Recall on CPAP Machines Leads to Shortage
Recently we have had calls from people who stopped using a CPAP machine due to a recall notice that said using the machine could make them sick or give them cancer.
They are, of course, referring to the recall by Philips on various models of Continuous Positive Airway Pressure (CPAP) machines and mechanical ventilator devices. The recall addressed health risks associated with polyester-based polyurethane (PE-PUR) sound abatement foam in these devices. The soundproofing foam can degrade and result in a patient inhaling or ingesting diethylene glycol (DEG).
Diethylene glycol (DEG) is used as a solvent. It is used to manufacture polyester resins and polyurethanes, as well as brake fluid. As you can imagine, breathing it or ingesting it is not a good thing.
Here is the problem, people have been told by Philips that they should check with their doctor on whether or not to use the machines until a new unit could be obtained.
Since no one has been documented to have gotten sick, you would think that doctors would give the green light to use the machines short-term until a new device could be obtained.
But that apparently has not been the case.
Instead, probably because they’re afraid of being sued, many doctors tell people not to use the machines.
But because so many machines have been taken out of service, many callers complain that they can’t get replacement machines.
Now keep in mind that people who have been prescribed CPAP machines by doctors have severe breathing problems that require the use of such a machine to survive.

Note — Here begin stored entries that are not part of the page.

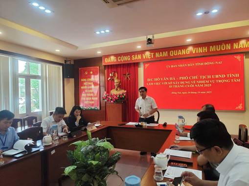 Sáng 20/10/2025, tại Sở Xây dựng tỉnh Đồng Nai, Phó Chủ tịch UBND tỉnh Hồ Văn Hà chủ trì buổi làm việc với Sở Xây dựng, tập trung triển khai các nhiệm vụ trọng tâm trong 3 tháng cuối năm 2025. Buổi làm việc có sự tham dự của Phó Giám đốc Sở Nội vụ Đặng Thanh Hoàng, Phó Giám đốc phụ trách Ban Quản lý Dự án Đầu tư Xây dựng tỉnh Đinh Tiến Hải, Giám đốc Sở Xây dựng Nguyễn Anh Tuấn cùng các Phó Giám đốc và lãnh đạo các phòng, đơn vị trực thuộc Sở.
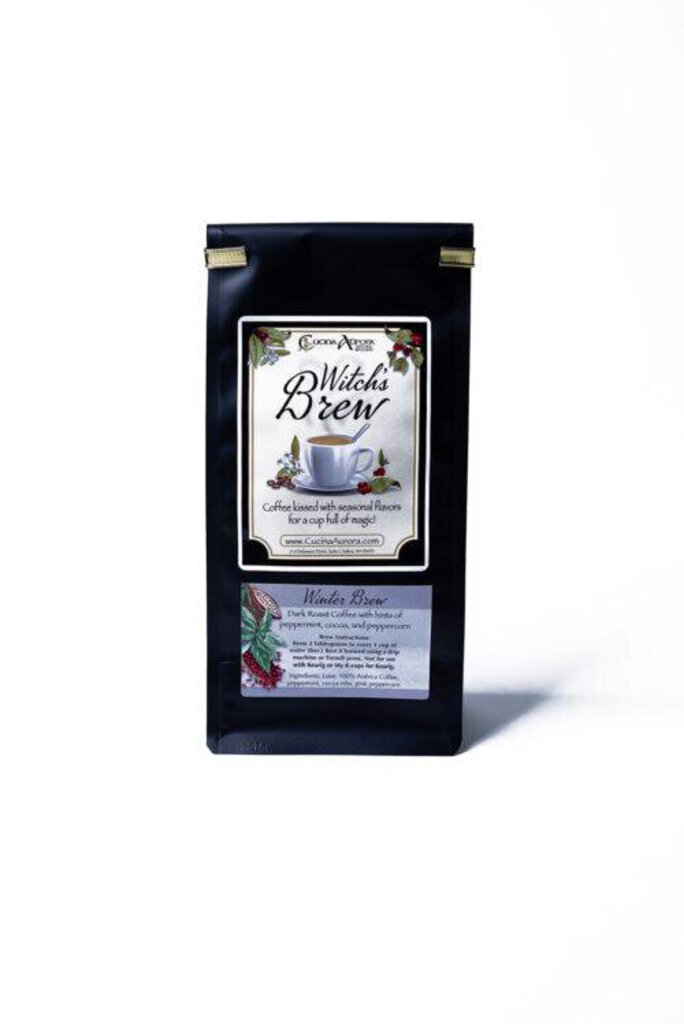 *in Stock only in Season Nov-Feb* This Winter Brew is simple bliss with Dark Roast Coffee ground fresh with cocoa nibs, peppermint leaves and a pinch of pink peppercorn. 12oz resealable package Fresh ground in small batches from locally roasted, ethically sourced coffee roasters her in NH. Our coffee is made by grinding the highest quality Guatemalan coffee beans with whole ingredients like dark cocoa nibs and peppermint leaves. No artificial flavors here! Just a hint of seasonal flavors with nothing fake!
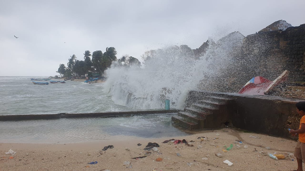 குறிப்பாக வடமராட்சி பகுதி கடல் மிக கொந்தளிப்பான நிலையில் காணப்படுகிறது. மூர்க்கம் கடற்கரை பகுதியில் காணப்பட்ட சில கட்டுமானங்கள் கடல் அலையால் சேதமடைந்துள்ளன.
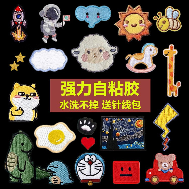 时尚可爱卡通布贴衣服鞋子自粘刺绣小补丁贴羽绒服修财洞装饰贴

Some CPAP users can even risk death if they have a severe condition and fail to use a machine. But because of the unavailability of replacement machines, people are being told that it may be months before they can get one, and they are doing their best to survive without such a machine.
One lady called to say that she couldn’t sleep at night for several months and was getting very ill.
Another person called to explain that his sister, who stopped using a recalled unit, had developed pneumonia, and her doctor finally told her she must start using the machine again. But she’s deathly afraid of using it and won’t use it.
If the question is between certain death by not using a medical device and possible long-term harm by using the medical device, you would think that medical providers would sit down with a patient and come up with a plan that is in the best interest of the patient.
So, due to a recall of a strategic medical device, for which there is no replacement immediately available, the user’s health has been put at significant risk.
But is there a legal remedy? My guess is that if one of these patients sued to seek compensation due to worsening health created by the recall, a court would find the law ill-equipped to deal with the situation.
Here’s our suggestion: the FDA should immediately work with the Phillips company to test the recalled machines by an independent lab to determine if they are temporarily safe to use for several months while replacement machines are manufactured and shipped.
If a machine is not immediately harmful, the patient should know that fact and have the opportunity to decide what is in their best interest with their doctor. If a machine is tested and presents an immediate danger, the patient should be told.
Patients, of course, could try to find testing labs on their own. But, many are on social security and would have no way to pay what could be a hefty fee to test the product.
Sometimes the courts are not able to offer the best remedy. Sometimes it’s another branch of government.